FS#62288 - [util-linux] fstrim.timer not working because fstrim returns non-zero status on success.

Attached to Project: Arch Linux
Opened by Barafu Albino Cheetah (Barafu_Albino_Cheetah) - Tuesday, 09 April 2019, 18:40 GMT
Last edited by Toolybird (Toolybird) - Sunday, 11 June 2023, 07:41 GMT
Task Type Bug Report
Category Packages: Core
Status Closed
Assigned To Christian Hesse (eworm)
Architecture All
Severity Medium
Priority Normal
Reported Version
Due in Version Undecided
Due Date Undecided
Percent Complete 100%
Votes 2
Private No

Details

Description: fstrim is a part of core/util-linux package and comes with preconfigured systemd .service and systemd .timer. However, this timer may be impossible to enable, if a system has ntfs-3g mount. Possibly, other filesystems are affected.

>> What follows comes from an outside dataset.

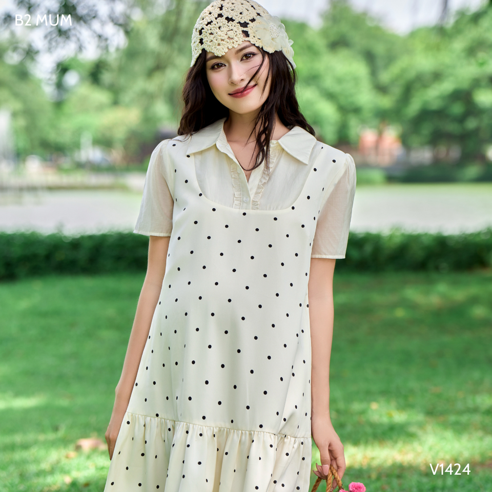 V1424 Fishtail Polka Dot Maternity Dress Soft Cool Sweat-Absorbent Fabric Side Pockets Adjustable Elastic Buttons for Pregnant

When fstrim is started on all filesystems (fstrim -Av), it queues every filesystem to find out if it has TRIM support. Filesystems without TRIM support are silently ignored. But some file systems,(ntfs-3g) do not support even being queued about TRIM support. In this case fstrim goes on to next filesystem, but in the end quits with status code 64, despite having done its job properly.
Systemd unit provided does not account for this case and reports error status. This makes impossible to use fstrim timer on such machine.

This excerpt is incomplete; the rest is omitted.